Any UX-research study aims to answer general questions about our design or about our users. What percentage of our user population will be able to subscribe to our newsletter? What major usability issues will people encounter on our site? Is design A more usable than design B for our target audience? But any time we set up a UX-research study, whether quantitative or qualitative, there is danger that it will not reflect the reality we want to capture because the study is poorly designed.  

There are two big types of study-design errors:

  1. Internal-validity errors that bias participants towards a certain response or behavior
  2. External-validity errors that capture behaviors or situations which are not characteristic for our target audience

We’ll talk about each of these separately. But before we do, let’s note that validity is separate from reliability. Reliability of a study simply means that you will get the same result if you repeat the study. In other words, findings are not random. There are plenty of statistical methods to calculate the degree of study reliability, and the main way to increase reliability is to test more participants. But reliability is no good without validity: a study with high reliability and low validity is one where you get a really good measurement of the wrong thing.

Internal Validity for UX Studies

Think of a study that compares two sites — site A and site B. You are trying to decide which of the two is  better and you always show the participants in your study design A first, ask them to complete some tasks on it, then move to design B and show them the same tasks. Is this study design likely to produce accurate results, that reflect the reality? In other words, will this study identify the better design?

Not necessarily. This study setup favors design B because, when they get to it, participants will be already used to the testing situation and with the task domain — if they’re testing car-rental sites, they will  already know what a LDW (loss-damage waver) is when they get to site B and they may have certain expectations regarding the steps of the rental process. They will also know what you expect them to do and how they’re supposed to perform the task. Therefore, this study is missing internal validity. (The usual fix to this problem is to alternate which site goes first, and have half of the users try site B first.)

Definition: A study has internal validity if it does not favor or encourage any particular participant response or behavior.

Internal validity is an issue in both qualitative and quantitative studies. With moderated qualitative studies, the facilitator may inadvertently bias or eliciting a certain response from the participants. For example, even a simple questions such as “Have you found the checkout difficult?” may invalidate the study results because the participants are primed  to think of difficulties, so they may identify more than normal (like with Richard Nixon’s “I am not a crook” statement).

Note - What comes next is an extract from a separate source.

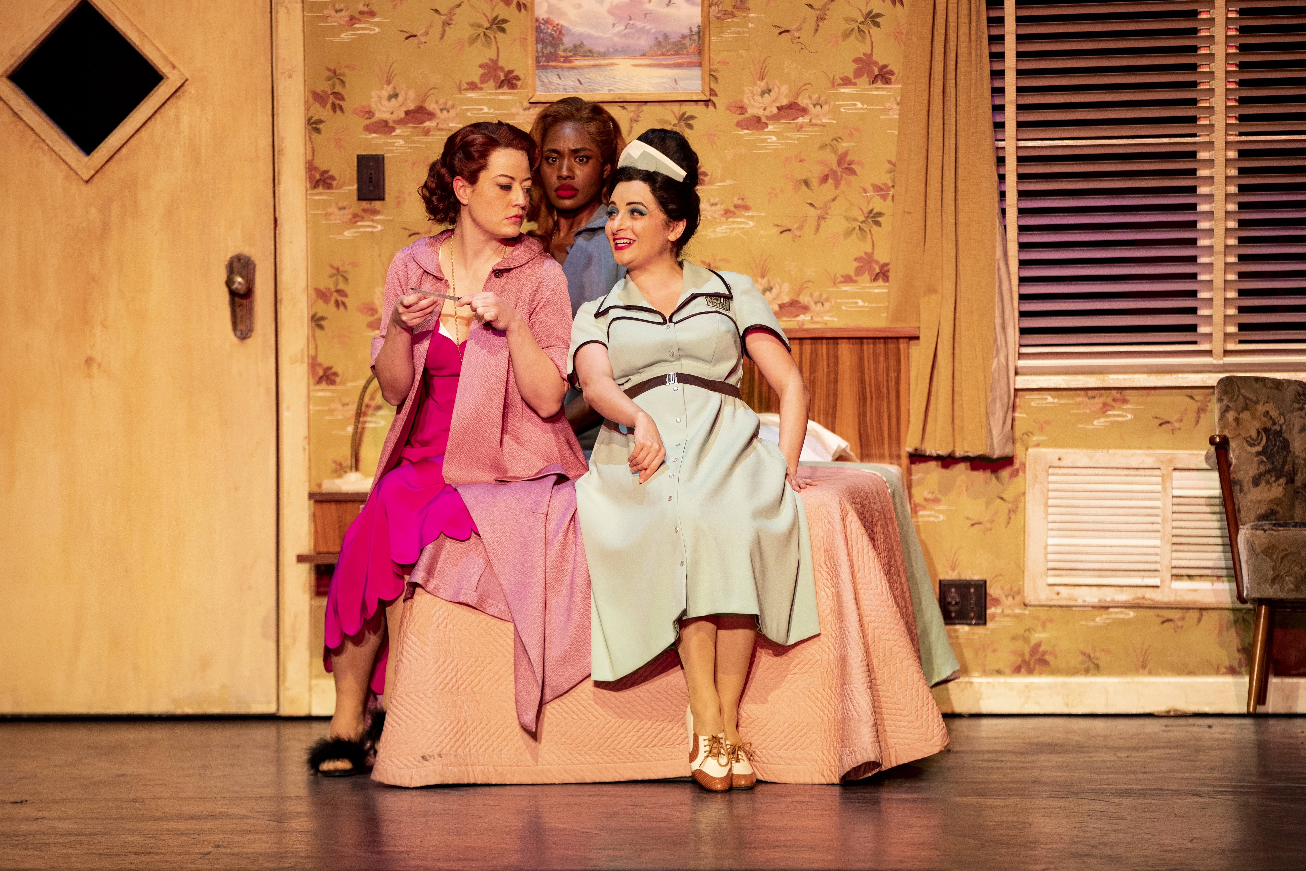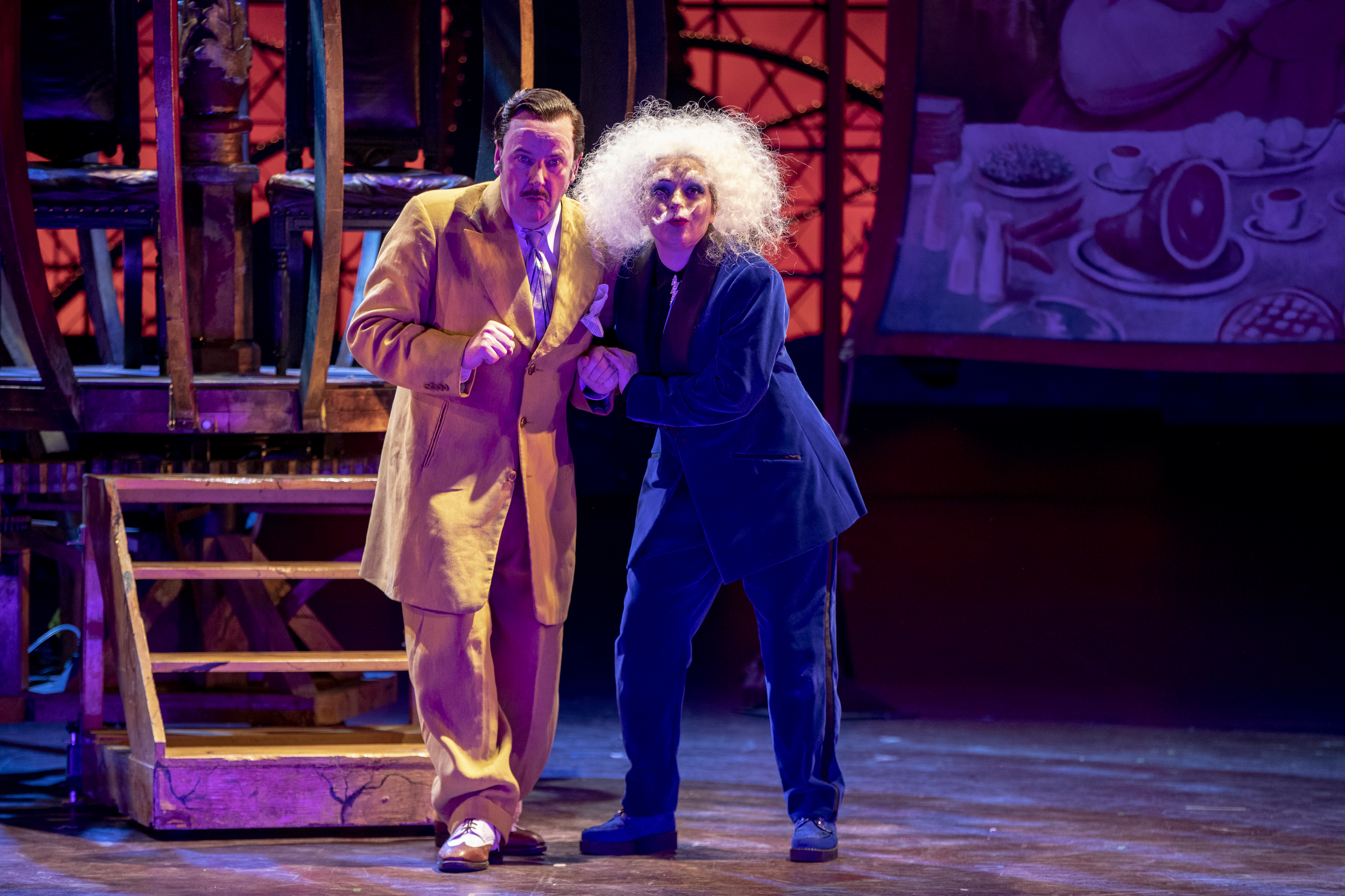 Ferrando and Guglielmo disguise themselves as suitors, and attempt to woo their fiancées, having given Don Alfonso their word as officers that they won’t give the game away. Benson and Pati both look as though they’re having much more fun in disguise, as swaggering cocksure peacocks wearing ridiculous jackets. (The colourful costumes by Laura Hopkins are a constant joy). The lovers spend much of the rest of the first act chasing each other between the three motel rooms and it’s all gloriously well-choreographed fun.

With quantitative studies, lack of internal validity may produce results that skew in one direction, but do not reflect the reality. You may, for instance, in a benchmarking study, discover that your time on task is better on a redesigned version of the site than on the original and you may infer that you did a good job with the redesign, when in fact, the difference was due to different study protocols — the original test used the think-aloud protocol, but the test of the redesign didn’t. (And thinking aloud does take some extra time, so it can cause longer task times.)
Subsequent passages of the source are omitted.